O retrato sorridente do governador Mário Covas, morto em março, continua pendurado no gabinete do secretário de Ciência, Tecnologia e Desenvolvimento Econômico, José Aníbal, e não deixa nenhuma dúvida sobre sua disposição como novo presidente nacional do PSDB. Eleito há dez dias, Aníbal sai esta semana da secretaria para pôr em prática uma máxima de Covas: “Chumbo trocado não dói.“ Nada de novo para o economista, de 53 anos, que nasceu em Rondônia, foi estudar em Minas Gerais e acabou exilado na França, durante o regime militar. Agora, como presidente do PSDB, Aníbal confirma que vai levar a lição do governador “ao pé da letra“. Como ele mesmo diz, “o PSDB vai para o front“. Depois de considerar um “desastre“ a administração do PT em São Paulo, ele acusa a prefeita Marta Suplicy de “fazer despesa para atender a quadros do PT“, bater um recorde de viagens ao exterior e onerar o trabalhador com o aumento na passagem do ônibus.

Pelo mesmo motivo, o secretário de Finanças, João Sayad, é chamado de “príncipe do neoliberalismo“. Sobra também chumbo para o publicitário Duda Mendonça, responsável por um anúncio do PT que mostra ratos roendo a Bandeira Nacional. “Ele sim é um grande rato“, devolve Aníbal. E não falta munição contra os presidenciáveis Ciro Gomes (PPS) e Itamar Franco (PMDB). “Ciro tem verbo fácil, mas inconsistente“, aponta. “Itamar está fazendo um péssimo governo em Minas Gerais e é uma incógnita.“ A seguir, a entrevista:

Estado – Não teria sido mais fácil enfrentar a crise de energia se a população fosse avisada antes?

Aníbal – A situação hoje está mostrando que sim. Não sei se o governo tinha clareza de toda a situação há dois ou três meses. Tudo indica que não, mas o importante é daqui para a frente. A palavra de ordem é transparência. A sociedade e os agentes econômicos têm maturidade para entender que isso é um desafio. Não só para o governo, mas para todo mundo. É jogo aberto: esse corte voluntário será suficiente? Não será? Então que medidas vamos tomar? A sociedade tem de estar amplamente informada.

Estado – E essas medidas polêmicas, como a que revoga o Código do Consumidor? Não é um caminho perigoso?

Aníbal – Concordo. O governo devia rever essa posição. O código é uma coisa que a sociedade absorveu e tem hoje como um instrumento de legítima defesa. Passar por cima dele não é algo que tenha boa acolhida na população. Ao contrário.

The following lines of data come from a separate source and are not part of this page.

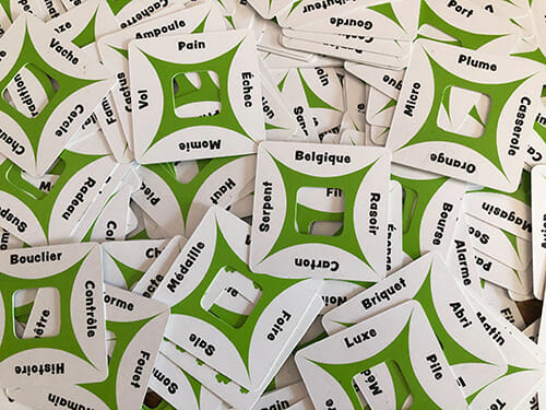 En général, au début, quand on découvre nos mots, et qu’on nous explique qu’il va falloir trouver un mot pour les associer alors qu’ils n’ont parfois rrrrrriiiiiiiieeeen à voir entre eux, on se dit que c’est impossible. On peut même coaguler du cerveau un instant. Ce fut mon cas. Car oui, vous pourrez avoir par exemple, « poire » et « escalade » côte à côte, ce qui signifie qu’il vous faut trouver un mot indice, qui à lui seul, pourra permettre à vos petits camarades de retrouver à la fois le mot « poire » et « escalade » (et ils feront ça parmi 20 mots).
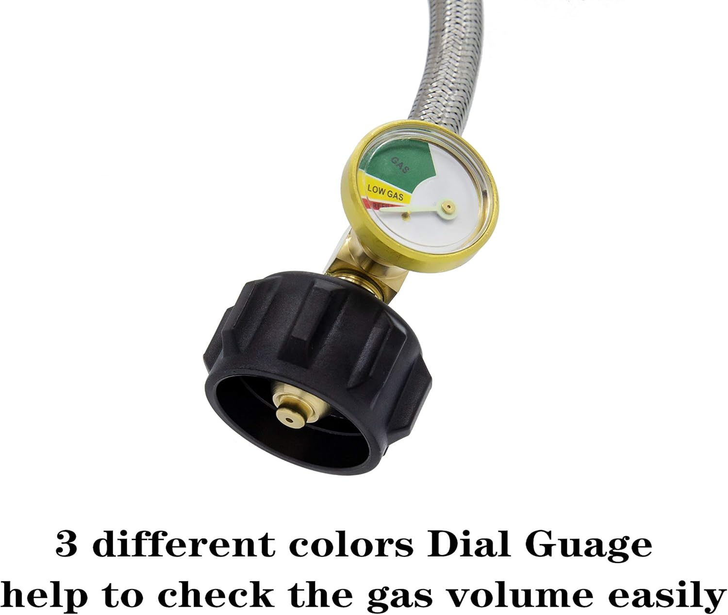 The 1/4" NPT RV Propane hose with color coded dial guage allows you to check the gas volume easily.The solid brass fitting provide secure, airtight connection propane equipment and the protective sleeves provide a highly resistant seal on pipe threads for each services.
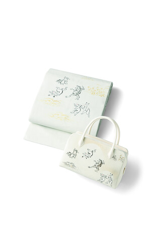 創業安永4年(1775年)、京都・寺町に本店を置く和装小物専門店。「今まで世間に出回っていない、とっておきの帯を創る」というコンセプトで誕生した手描き名古屋帯。鳥獣戯画の繊細な描写が特徴の名古屋帯です。

É preciso, e acho possível, encontrar outras fórmulas, até em consideração ao apoio imenso que o governo tem encontrado na população. Diante de uma realidade, as pessoas estão exercitando a cidadania. Por que o Real deu certo? Porque a população o assumiu.

Assim, os empresários e a sociedade também já assumiram o problema da falta de energia. Só há um setor no Brasil que quer o pior: a oposição.

Estado – A oposição não vai ganhar com o episódio?

Aníbal – Quem governa não pode estar sempre preocupado com o efeito negativo deste ou daquele fato. Governar é um projeto, que nós do PSDB estamos consolidando há seis anos. Nós ajudamos, de forma decisiva, a tirar o Brasil da ingovernabilidade. Fomos construindo um programa. Enquanto isso, a oposição estava fazendo a campanha de 1994. O PT já considerava o Lula (Luiz Iácio Lula da Silva) o novo presidente. E nós trabalhamos, fizemos um programa que sensibilizou a opinião pública de tal modo que elegemos o presidente. E quando a oposição se deu conta, ficaram surpresos. Aí começaram a dizer que o programa era eleitoral. Diagnosticaram errado. Agora de novo. É o quanto pior melhor. É impressionante! E acho que até a própria oposição está se precavendo, porque começa a perceber que a sociedade rejeita isso, não quer o quanto pior melhor. Isso não constrói. Se daí saísse alguma adrenalina, alguma formulação de programa, até seria razoável. Mas nem isso.

Estado – Isso inclui as administrações do PT?

Aníbal – A prefeita de São Paulo já deu aumento de 40% para uma centena de assessores, quadros do PT. Portanto, criando despesa. Anuncia agora que vai criar mais mil cargos de confiança e três secretarias. Por outro lado, aumentou as passagens de ônibus em 21%. Isso significa R$ 0,25 por passagem, até R$ 26 por mês para o trabalhador que toma quatro conduções por dia. Para quem ganha R$ 500 por mês é 5% da renda. No fundo é a Prefeitura deixando de subsidiar a passagem do trabalhador para fazer receita, jogando nas costas da população um adicional brutal de despesa. O autor dessa política é João Sayad, que sistematicamente nos acusa de neoliberais. Ele é que é um príncipe do neoliberalismo. O que está fazendo é a receita típica do neoliberalismo. Tira o subsídio, impacta a renda do trabalhador e flana.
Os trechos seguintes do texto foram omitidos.